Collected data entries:

▶

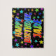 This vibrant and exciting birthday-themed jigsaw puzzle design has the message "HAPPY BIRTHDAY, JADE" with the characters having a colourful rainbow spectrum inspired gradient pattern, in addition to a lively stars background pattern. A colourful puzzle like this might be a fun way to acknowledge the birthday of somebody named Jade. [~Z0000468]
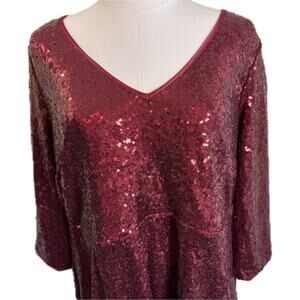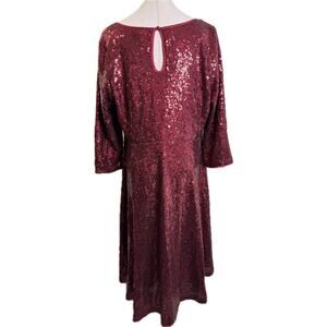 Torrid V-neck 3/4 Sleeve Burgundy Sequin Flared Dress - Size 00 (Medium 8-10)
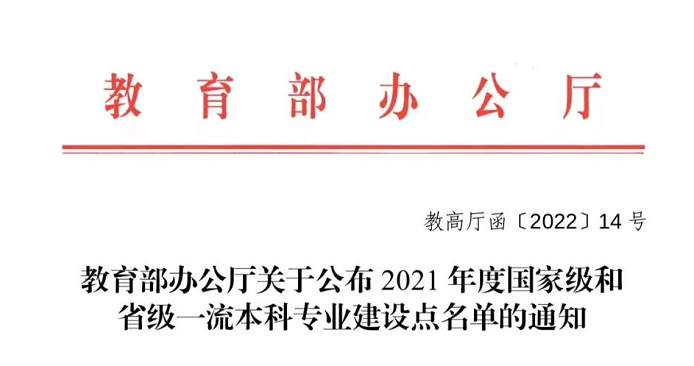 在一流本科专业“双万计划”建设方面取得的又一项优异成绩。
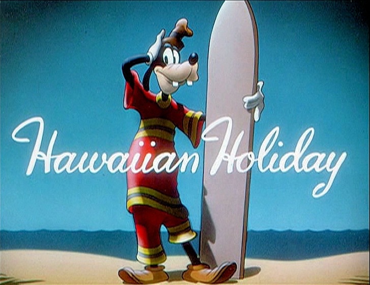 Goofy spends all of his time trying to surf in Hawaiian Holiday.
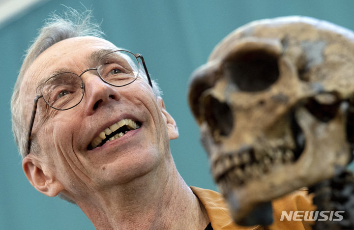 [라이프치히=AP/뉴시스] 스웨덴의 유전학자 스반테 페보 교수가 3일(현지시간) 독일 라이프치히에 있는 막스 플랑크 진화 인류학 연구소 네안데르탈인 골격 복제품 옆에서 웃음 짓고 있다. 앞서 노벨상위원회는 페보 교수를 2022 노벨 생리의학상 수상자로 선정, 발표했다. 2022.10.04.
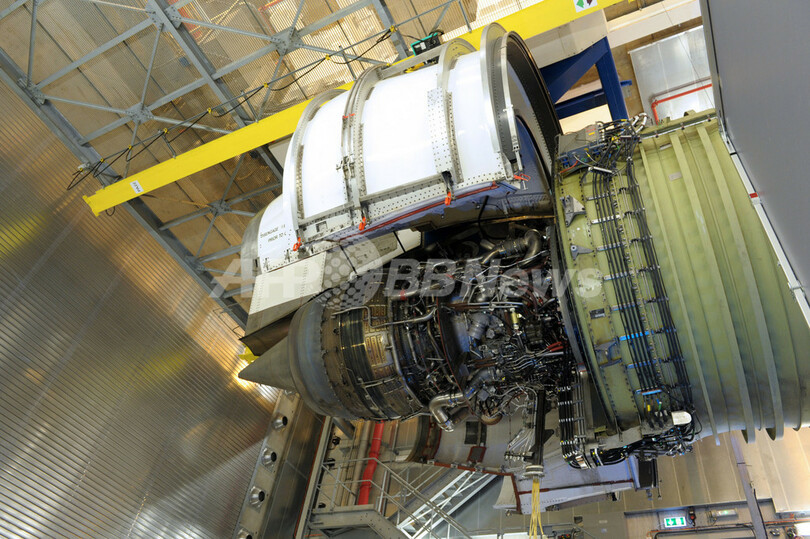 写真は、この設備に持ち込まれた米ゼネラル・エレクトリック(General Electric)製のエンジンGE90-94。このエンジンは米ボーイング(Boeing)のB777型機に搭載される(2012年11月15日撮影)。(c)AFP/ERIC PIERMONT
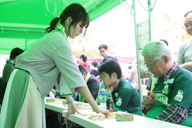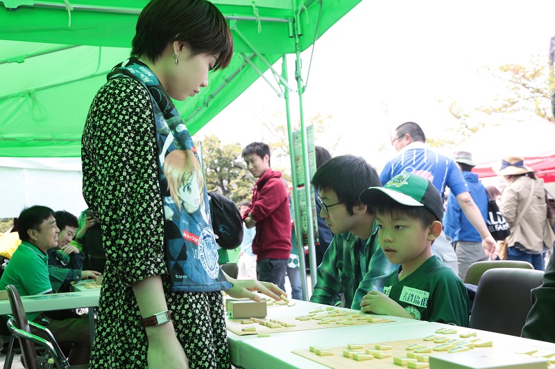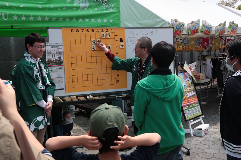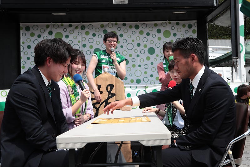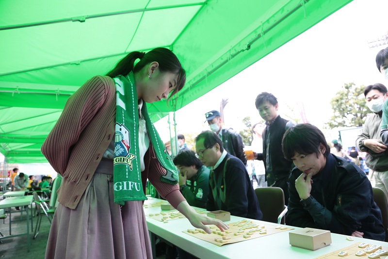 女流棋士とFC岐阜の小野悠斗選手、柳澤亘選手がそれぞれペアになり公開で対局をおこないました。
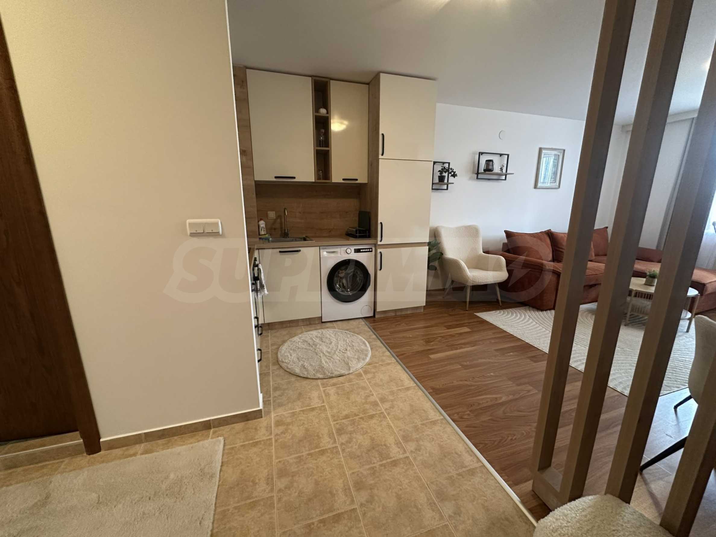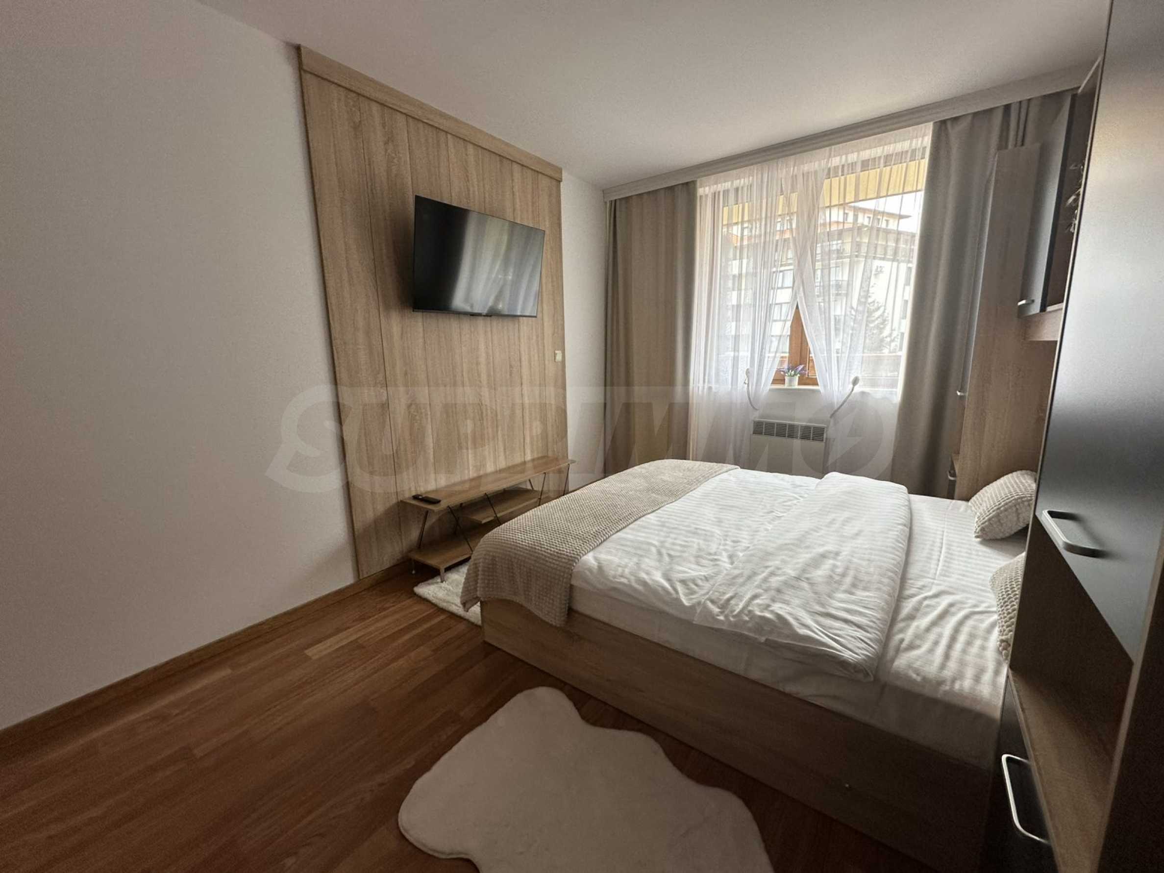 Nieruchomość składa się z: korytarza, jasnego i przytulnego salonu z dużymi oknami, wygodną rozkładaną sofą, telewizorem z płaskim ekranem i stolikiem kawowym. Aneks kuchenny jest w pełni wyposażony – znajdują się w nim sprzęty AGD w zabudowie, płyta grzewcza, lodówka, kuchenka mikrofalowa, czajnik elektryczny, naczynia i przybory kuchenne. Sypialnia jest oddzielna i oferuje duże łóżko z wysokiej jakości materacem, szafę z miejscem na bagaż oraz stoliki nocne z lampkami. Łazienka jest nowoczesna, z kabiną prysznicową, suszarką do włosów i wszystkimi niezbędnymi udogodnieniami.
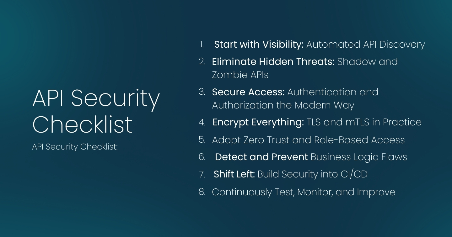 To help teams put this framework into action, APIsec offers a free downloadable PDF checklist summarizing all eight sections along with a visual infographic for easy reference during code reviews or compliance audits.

◀

» What you are asked to do
Give back each entry exactly as it appears. Leave pictures out.

» Solution to this exercise
 This vibrant and exciting birthday-themed jigsaw puzzle design has the message "HAPPY BIRTHDAY, JADE" with the characters having a colourful rainbow spectrum inspired gradient pattern, in addition to a lively stars background pattern. A colourful puzzle like this might be a fun way to acknowledge the birthday of somebody named Jade. [~Z0000468]
 Torrid V-neck 3/4 Sleeve Burgundy Sequin Flared Dress - Size 00 (Medium 8-10)
 在一流本科专业“双万计划”建设方面取得的又一项优异成绩。
 Goofy spends all of his time trying to surf in Hawaiian Holiday.
 [라이프치히=AP/뉴시스] 스웨덴의 유전학자 스반테 페보 교수가 3일(현지시간) 독일 라이프치히에 있는 막스 플랑크 진화 인류학 연구소 네안데르탈인 골격 복제품 옆에서 웃음 짓고 있다. 앞서 노벨상위원회는 페보 교수를 2022 노벨 생리의학상 수상자로 선정, 발표했다. 2022.10.04.
 写真は、この設備に持ち込まれた米ゼネラル・エレクトリック(General Electric)製のエンジンGE90-94。このエンジンは米ボーイング(Boeing)のB777型機に搭載される(2012年11月15日撮影)。(c)AFP/ERIC PIERMONT
 女流棋士とFC岐阜の小野悠斗選手、柳澤亘選手がそれぞれペアになり公開で対局をおこないました。
 Nieruchomość składa się z: korytarza, jasnego i przytulnego salonu z dużymi oknami, wygodną rozkładaną sofą, telewizorem z płaskim ekranem i stolikiem kawowym. Aneks kuchenny jest w pełni wyposażony – znajdują się w nim sprzęty AGD w zabudowie, płyta grzewcza, lodówka, kuchenka mikrofalowa, czajnik elektryczny, naczynia i przybory kuchenne. Sypialnia jest oddzielna i oferuje duże łóżko z wysokiej jakości materacem, szafę z miejscem na bagaż oraz stoliki nocne z lampkami. Łazienka jest nowoczesna, z kabiną prysznicową, suszarką do włosów i wszystkimi niezbędnymi udogodnieniami.
 To help teams put this framework into action, APIsec offers a free downloadable PDF checklist summarizing all eight sections along with a visual infographic for easy reference during code reviews or compliance audits.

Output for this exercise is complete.